Ok, so I think for the time being I just need to do some pre-nextflow provisioning
Paolo Di Tommaso
@pditommaso
Jan 28 2015 19:20
However I think the simplest way is not use a process to download the file
You can use the fragment of groovy code that I've linked you, and use it to download that file at the beginning of the script
that use that file as an input
is that clear?
Andrew Stewart
@andrewcstewart
Jan 28 2015 19:23
Yeah, so if I just do that through groovy outside of a process, that will be guaranteed to happen before any process kicks off?
Paolo Di Tommaso
@pditommaso
Jan 28 2015 19:24
yes! because that code is sequential
Andrew Stewart
@andrewcstewart
Jan 28 2015 19:24
ahhh
im understanding the order of execution a bit better now
So Im actually grabbing this reference data from a private S3 repo.

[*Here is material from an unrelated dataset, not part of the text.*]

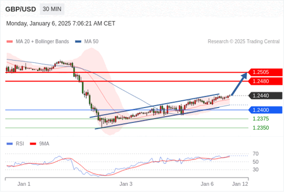 在 1.2400 之上,看涨,目标价位为 1.2480 ,然后为 1.2505 。
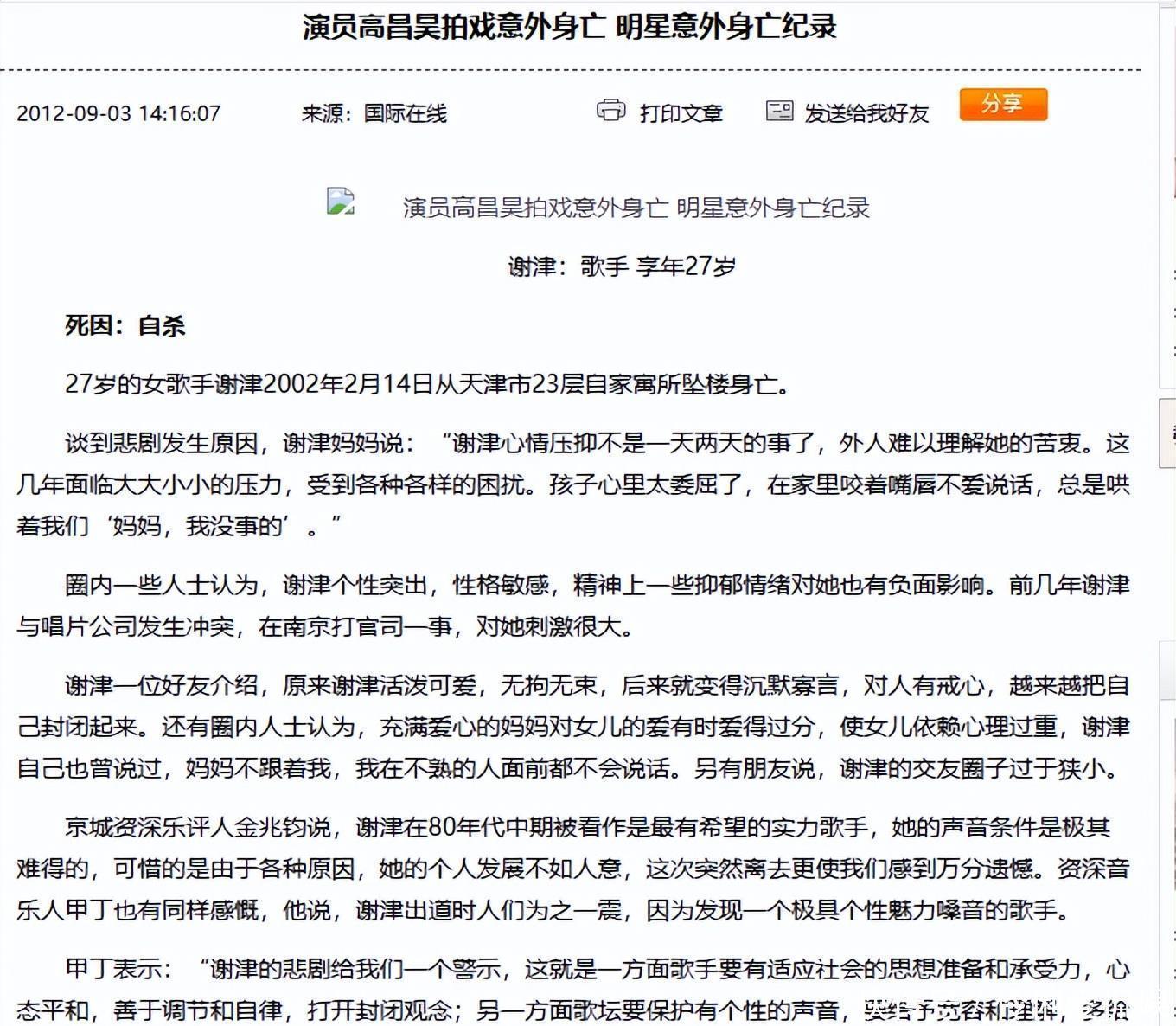 而當(dāng)這唯一的依附也無(wú)法給她提供庇護(hù)時(shí),她的世界便徹底崩塌了,她的死,是對(duì)那座名為“母愛(ài)”的牢籠最決絕的反抗,也是對(duì)那個(gè)只看重星光、卻忽視藝人心理健康的娛樂(lè)圈生態(tài)的一次血色警示。參考信息廣州日?qǐng)?bào)——自殺、他殺?女歌星謝津墜樓身亡新浪娛樂(lè)——?dú)v數(shù)明星自殺事件:離開(kāi)是種解脫?國(guó)際在線(xiàn)——演員高昌昊拍戲意外身亡 明星意外身亡紀(jì)錄

I imagine I could just use groovy bindings for the S3 API to do the same thing?
Paolo Di Tommaso
@pditommaso
Jan 28 2015 19:25
instead the process block is the definition of a process, which execution is deferred until data is available
yes
Is there a S3 binding for Groovy ?
Andrew Stewart
@andrewcstewart
Jan 28 2015 19:26
I have no idea, Im not a java/groovy guy
but I think I'm going to have to learn some groovy :)
Paolo Di Tommaso
@pditommaso
Jan 28 2015 19:26
:)
Do you know java?
Andrew Stewart
@andrewcstewart
Jan 28 2015 19:27
I was hoping you'd know of one! I'll go look it up.
Paolo Di Tommaso
@pditommaso
Jan 28 2015 19:27
however I learn groovy with this in a week
Andrew Stewart
@andrewcstewart
Jan 28 2015 19:27
Yeah, I've done plenty of Java in school, it's just not my main practitioner language
Paolo Di Tommaso
@pditommaso
Jan 28 2015 19:28
it's very easy
Andrew Stewart
@andrewcstewart
Jan 28 2015 19:28
For sure. It's more of figuring out the equivalent libraries, etc.
Paolo Di Tommaso
@pditommaso
Jan 28 2015 19:28
I know
Andrew Stewart
@andrewcstewart
Jan 28 2015 19:28
Although maybe a system call to the local AWS CLI would be simpler
and not require dealing with an external library
Paolo Di Tommaso
@pditommaso
Jan 28 2015 19:30
But public files in S3 can be access via http
you don't need an extra layer ..
unless you want to upload there
Andrew Stewart
@andrewcstewart
Jan 28 2015 19:31
these aren't public
Paolo Di Tommaso
@pditommaso
Jan 28 2015 19:31
ah
well, I guess it is possible to access via http specifying the user and password
however I'm integrating a S3 file system in nextflow
Andrew Stewart
@andrewcstewart
Jan 28 2015 19:33
zomg
Paolo Di Tommaso
@pditommaso
Jan 28 2015 19:33
so it will be possible to access (read/write) S3 buckets transparently like any other file
zomg ?
Andrew Stewart
@andrewcstewart
Jan 28 2015 19:34
sorry, that means I'm excited
:D
Yeah, that would be awesome
Paolo Di Tommaso
@pditommaso
Jan 28 2015 19:34
LOL
actually it's already implemented but only included in nextflow "gridgain" version
Andrew Stewart
@andrewcstewart
Jan 28 2015 19:42
lets see if I have this right...
# make sys call to "aws s3 cp s3://mybucket/ /local/path/file"
def.proc = ['aws','s3','s3://mybucket/','/local/path/file'].execute()
proc.waitFor()
file('/local/path/file')
does that look right?
Paolo Di Tommaso
@pditommaso
Jan 28 2015 19:43
def proc
without the dot
yes it should work
also waitFor returns the exitstatus that you may want to check
Andrew Stewart
@andrewcstewart
Jan 28 2015 19:45
cool
should be fine for the time being
Paolo Di Tommaso
@pditommaso
Jan 28 2015 19:45
nice
enjoy it
Andrew Stewart
@andrewcstewart
Jan 28 2015 19:45
Thanks!
Paolo Di Tommaso
@pditommaso
Jan 28 2015 19:45
welcome!
Andrew Stewart
@andrewcstewart
Jan 28 2015 21:01
If I have a process with an embedded python script that I want to produce a list for output... is stdout the best way to capture that output into a channel?
process foo {

  output:
    stdout myChan

"""
!/usr/bin/env python

print [1,2,3]
"""
}
Andrew Stewart
@andrewcstewart
Jan 28 2015 22:42
(and also, is it possible to convert from stdout to val?